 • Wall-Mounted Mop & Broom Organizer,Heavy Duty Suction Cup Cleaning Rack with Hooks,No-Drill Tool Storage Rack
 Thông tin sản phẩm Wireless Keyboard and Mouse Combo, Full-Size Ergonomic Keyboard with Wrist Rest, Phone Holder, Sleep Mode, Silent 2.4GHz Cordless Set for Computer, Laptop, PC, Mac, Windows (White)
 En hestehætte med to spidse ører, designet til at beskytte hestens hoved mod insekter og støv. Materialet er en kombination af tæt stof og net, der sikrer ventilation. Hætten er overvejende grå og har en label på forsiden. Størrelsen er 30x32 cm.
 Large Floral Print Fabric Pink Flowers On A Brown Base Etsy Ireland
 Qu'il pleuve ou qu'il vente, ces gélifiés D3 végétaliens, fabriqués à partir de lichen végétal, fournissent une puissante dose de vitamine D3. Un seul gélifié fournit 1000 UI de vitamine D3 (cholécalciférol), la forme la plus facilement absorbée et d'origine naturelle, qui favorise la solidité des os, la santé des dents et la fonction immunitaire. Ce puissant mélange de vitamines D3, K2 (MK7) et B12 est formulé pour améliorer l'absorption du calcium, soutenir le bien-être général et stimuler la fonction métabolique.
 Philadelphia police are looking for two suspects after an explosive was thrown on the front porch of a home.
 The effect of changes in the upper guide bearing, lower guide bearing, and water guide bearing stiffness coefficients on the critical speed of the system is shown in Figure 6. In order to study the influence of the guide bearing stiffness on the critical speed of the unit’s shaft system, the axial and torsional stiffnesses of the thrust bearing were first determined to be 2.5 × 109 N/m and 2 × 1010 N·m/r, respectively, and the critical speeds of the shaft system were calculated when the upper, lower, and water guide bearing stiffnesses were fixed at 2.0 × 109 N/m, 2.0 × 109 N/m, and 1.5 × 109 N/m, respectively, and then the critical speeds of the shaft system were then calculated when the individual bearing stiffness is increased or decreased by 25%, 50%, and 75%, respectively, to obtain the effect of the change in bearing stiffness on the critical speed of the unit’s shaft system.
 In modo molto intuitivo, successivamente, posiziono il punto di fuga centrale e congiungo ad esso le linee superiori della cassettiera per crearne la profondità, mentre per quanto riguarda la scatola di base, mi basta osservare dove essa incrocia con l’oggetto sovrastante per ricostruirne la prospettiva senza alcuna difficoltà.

==

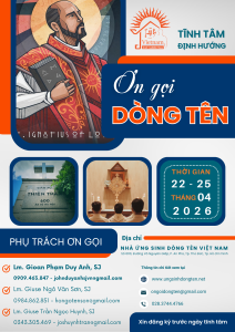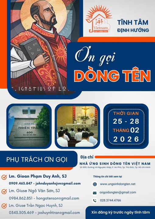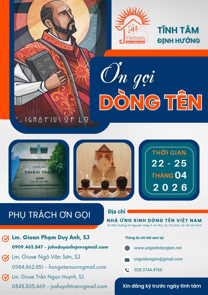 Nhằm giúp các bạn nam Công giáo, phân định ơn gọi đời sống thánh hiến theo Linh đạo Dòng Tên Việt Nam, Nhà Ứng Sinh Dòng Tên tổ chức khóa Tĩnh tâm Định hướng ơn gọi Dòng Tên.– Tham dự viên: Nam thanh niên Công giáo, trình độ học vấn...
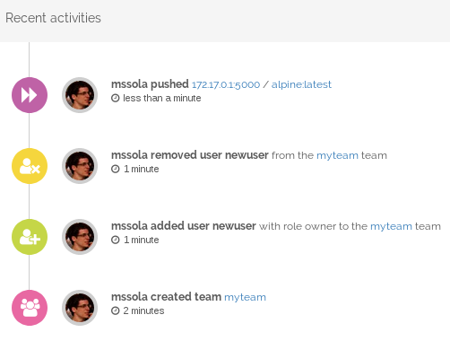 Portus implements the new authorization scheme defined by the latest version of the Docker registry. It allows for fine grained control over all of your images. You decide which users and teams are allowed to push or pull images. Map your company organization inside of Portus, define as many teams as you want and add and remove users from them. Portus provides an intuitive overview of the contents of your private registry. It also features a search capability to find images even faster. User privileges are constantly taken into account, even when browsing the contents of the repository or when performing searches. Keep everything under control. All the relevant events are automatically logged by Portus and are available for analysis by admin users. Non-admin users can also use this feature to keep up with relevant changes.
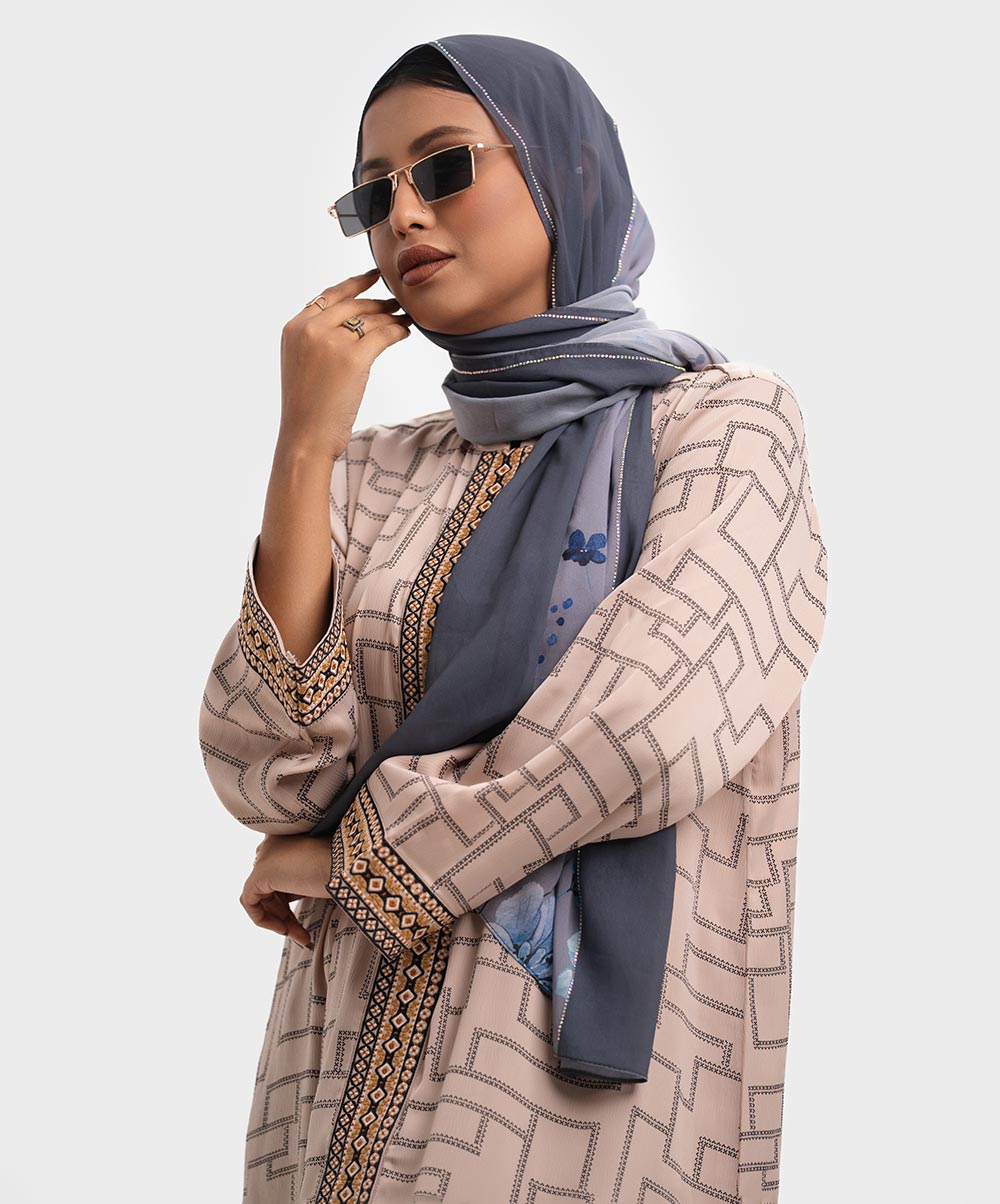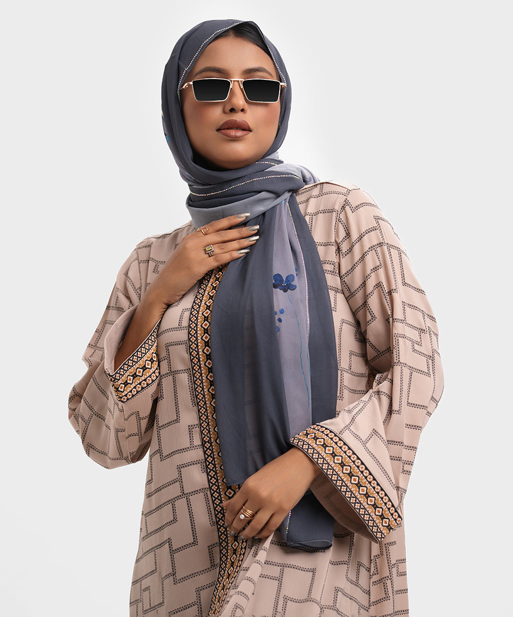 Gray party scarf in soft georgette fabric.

> Task prompt
Considering only the material above, set down every line from the one with "Thông tin sản" to the one with "En hestehætte med", inclusive, exactly as written.

> Answer box
 Thông tin sản phẩm Wireless Keyboard and Mouse Combo, Full-Size Ergonomic Keyboard with Wrist Rest, Phone Holder, Sleep Mode, Silent 2.4GHz Cordless Set for Computer, Laptop, PC, Mac, Windows (White)
 En hestehætte med to spidse ører, designet til at beskytte hestens hoved mod insekter og støv. Materialet er en kombination af tæt stof og net, der sikrer ventilation. Hætten er overvejende grå og har en label på forsiden. Størrelsen er 30x32 cm.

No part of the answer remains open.